Biological features of host cell before 8 h after infection: apoptosis

The protein gp120 is essential for viral entry into cells as it plays a vital role in attachment to specific cell surface receptors (Gram and Hansen, 1998). Viruses, such as HIV, with gp120 in their genome induce cellular apoptosis (Kapasi et al., 2002). Apoptosis is important in an infection response and is activated at the early infection stage (Fig. 1). Supplementary Fig. 3 shows that apoptosis marker genes were expressed in early infection stage (Subramanian et al., 2005). The viral gene gp120 is known to be associated with BCL-2 expression (Gaubin et al., 1999). BCL-2 and other apoptosis-related genes are down-regulated in the early stages of influenza A infection.

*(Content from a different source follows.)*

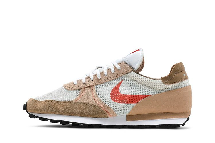 Nike Daybreak-Type 'Light Bone Orange' демонстрирует осенние оттенки на силуэте, вдохновленном беговым стилем 70-х годов. Верхняя часть выполнена в стиле деконструктивизма, подчеркнутого полупрозрачной сеткой песочного цвета и оранжевым логотипом Swoosh. Накладка на передней части стопы из натуральной замши придает воздушной носочной коробке структуру и прочность, а синтетическая накладка на пятке облегает заднюю часть стопы, обеспечивая плотную посадку. Кроссовки опираются на мягкую подошву из пеноматериала и укреплены резиновой подошвой Nike с вафельным рисунком.

At timepoints before 8 h post-infection, expression of apoptosis marker genes, including BCL2, was decreased (Supplementary Fig. 4A).

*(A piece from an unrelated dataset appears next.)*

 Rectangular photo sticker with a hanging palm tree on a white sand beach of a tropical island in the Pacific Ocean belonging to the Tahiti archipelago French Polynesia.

Specific biological features after 8 h: DME-centric pathways

DMEs are the set of metabolic pathways that modify the chemical structure of xenobiotics, which are compound of foreign materials such as replicated viral RNA and other metabolites (Mackenzie et al., 2017). Suppression of DMEs is necessary for viruses to maintain their presence in a cell and replicate themselves. In general, ‘endoplasmic reticulum (ER) stress response’ and ‘cytochrome P450’ are typical examples of DMEs. Both were found to be DEGs in the experimental results (Supplementary Fig. 4B, 4C).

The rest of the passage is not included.